When the Ollama app is running on your local machine:
- All of your local models are automatically served on localhost:11434
- Select your model when setting llm = Ollama(..., model="<model family>:<version>")
- Increase defaullt timeout (30 seconds) if needed setting Ollama(..., request_timeout=300.0)
- If you set llm = Ollama(..., model="<model family") without a version it will simply look for latest

If you're opening this Notebook on colab, you will probably need to install LlamaIndex 🦙.

In [None]:
%pip install llama-index-llms-ollama

In [None]:
from llama_index.llms.ollama import Ollama

In [None]:
llm = Ollama(model="llama3.1:latest", request_timeout=120.0)

In [None]:
resp = llm.complete("Who is Paul Graham?")

In [None]:
print(resp)

Paul Graham is a British-American computer scientist, entrepreneur, and writer. He's best known for co-founding several successful startups, including viaweb (which later became Yahoo!'s shopping site), O'Reilly Media's online bookstore, and Y Combinator, a well-known startup accelerator.

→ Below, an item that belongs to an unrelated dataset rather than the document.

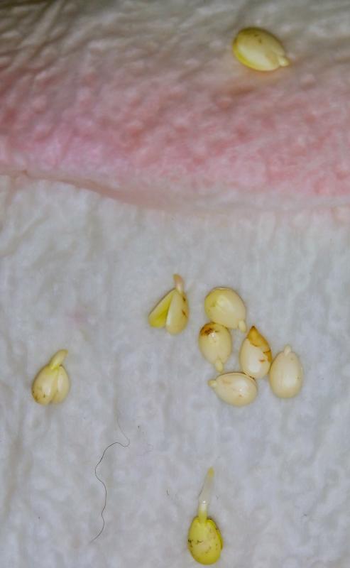 Wie angekündigt, meine Berichterstattung über die Keimung von Apfelkernen der Sorte RS-1 ohne Stratifikation.

Here are some interesting facts about Paul Graham:

1. **Computer science background**: Graham has a Ph.D. in computer science from Harvard University.
2. **Startup success**: He co-founded viaweb, which was acquired by Yahoo! for $49 million, and later became the foundation of Yahoo!'s shopping site.
3. **Y Combinator**: In 2005, Graham co-founded Y Combinator, a startup accelerator that has funded over 2,000 companies, including Dropbox, Airbnb, Reddit, and Stripe.
4. **Writing career**: Graham is also a talented writer and has published several essays on entrepreneurship, startups, and programming. His writing is known for its clarity, humor, and insight.
5. **Philosophical views**: Graham has exp

#### Call `chat` with a list of messages

In [None]:
from llama_index.core.llms import ChatMessage

messages = [
    ChatMessage(
        role="system", content="You are a pirate with a colorful personality"
    ),
    ChatMessage(role="user", content="What is your name"),
]
resp = llm.chat(messages)

In [None]:
print(resp)

assistant: Me hearty! Me name be Captain Zara "Blackheart" McSnazz, the most feared and infamous pirate to ever sail the Seven Seas! *adjusts eye patch*

Me ship, the "Maverick's Revenge", be a sturdy galleon with three masts and a hull as black as me heart. She's fast, she's fierce, and she's got more cannons than a small army!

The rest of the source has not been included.